For column-level details — node IDs, every SQLite column, every
LanceDB column, every per-format metadata field — see
[docs/SCHEMA.md](docs/SCHEMA.md).

---

## KGRAG federation

`FileTreeKG.kind()` returns `"filetree"` (the dedicated
`KGKind.FILETREE` enum value), and `FileTreeKGAdapter` exposes the
module to the [KGRAG](https://github.com/Flux-Frontiers/kgrag)
federation layer.

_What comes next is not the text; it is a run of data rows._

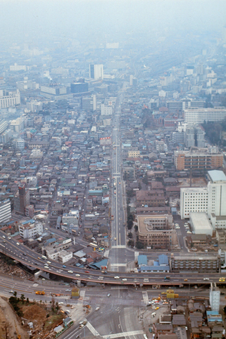The next morning, the 15th, we got up early and packed our stuff, mailed slides, and such. Film and processing for this trip ran about $70. We checked out of the Sanno in preparation for an 1800 flight from Yokota air base back to Kimpo, and checked our bags there in the hotel. Then we decided to make another trip over to Tokyo Tower to go up to the higher observation area that we were not able to visit earlier in the trip. Unfortunately, the day was hazy, and so the pictures are not outstanding.
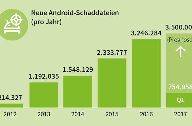 Rund 67 Prozent der Deutschen nutzen ein Smartphone mit einem Android-Betriebssystem (Quelle: Statcounter). Im ersten Quartal 2017 entdeckten die G DATA Sicherheitsexperten über 750.000 neue Schad-Apps für das beliebte Betriebssystem von Google. Die Zahlen belegen eine wachsende Bedrohungslage. Die Sicherheitsproblematik bleibt gerade bei Geräten von Drittherstellern unverändert. Updates erscheinen verzögert oder gar nicht. Die neuen Malware-Statistiken für das erste Quartal 2017 und eine Einschätzung der aktuellen Situation gibt es im G DATA Security Blog.
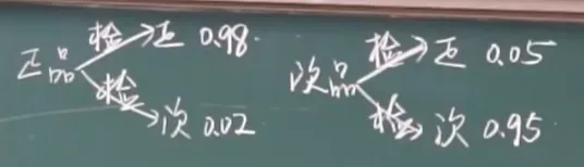 P ( B ) = P ( B 1 ) P ( B ∣ B 1 ) + P ( B 1 ‾ ) P ( B ∣ B 1 ‾ ) = 0.9 × 0.98 + 0.1 × 6.05 = 0.887 P(B)=P(B_1)P(B|B_1)+P(\overline{B_1})P(B|\overline{B_1})=0.9\times0.98+0.1\times6.05=0.887 P ( B ) = P ( B 1 ) P ( B ∣ B 1 ) + P ( B 1 ) P ( B ∣ B 1 ) = 0.9 × 0.98 + 0.1 × 6.05 = 0.887
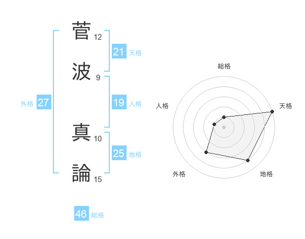 菅波 真論さんの天格は21画の5点!
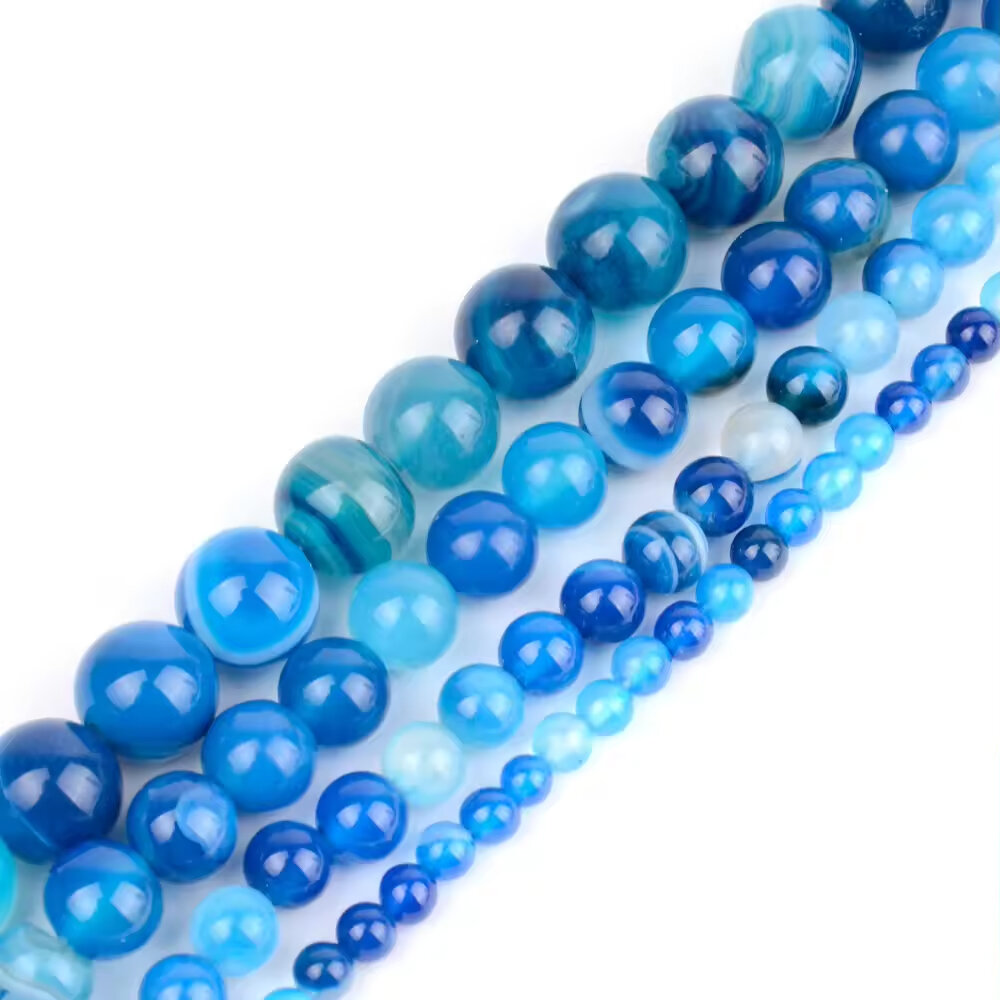 KamenOpt / Агат бусины 10 мм, на нитке 38 см, цвет: Синий, для рукоделия

That means a single federated query can combine
filesystem context with code and document context from PyCodeKG and
DocKG indexed against the same repo:

```python
from kg_rag import KGRAG

kgrag = KGRAG()
result = kgrag.query("how do we ship releases",
                     kinds=["code", "doc", "filetree"])
```

For working with the repo through MCP-compatible AI agents — including
the `.mcp.json` shipped in this checkout and the federated alternative
to a dedicated FTreeKG MCP server — see [docs/MCP.md](docs/MCP.md).

---

## Citation

If you use FTreeKG in research or a project, please cite it:

[![DOI](https://zenodo.org/badge/1182124358.svg)](https://zenodo.org/badge/latestdoi/1182124358)

**APA**

> Suchanek, E. G. (2026). *FTreeKG: Knowledge Graph for Filesystem Hierarchies* (Version 0.8.0) [Software]. Flux-Frontiers. https://doi.org/10.5281/zenodo.1182124358

**BibTeX**

```bibtex
@software{suchanek_ftree_kg,
  author    = {Suchanek, Eric G.},
  title     = {{FTreeKG}: Knowledge Graph for Filesystem Hierarchies},
  version   = {0.8.0},
  year      = {2026},
  publisher = {Flux-Frontiers},
  url       = {https://github.com/Flux-Frontiers/FTreeKG},
  doi       = {10.5281/zenodo.1182124358},
}
```

---

## License

[Elastic License 2.0](LICENSE) — free for non-commercial and internal
use; commercial redistribution requires a license from Flux-Frontiers.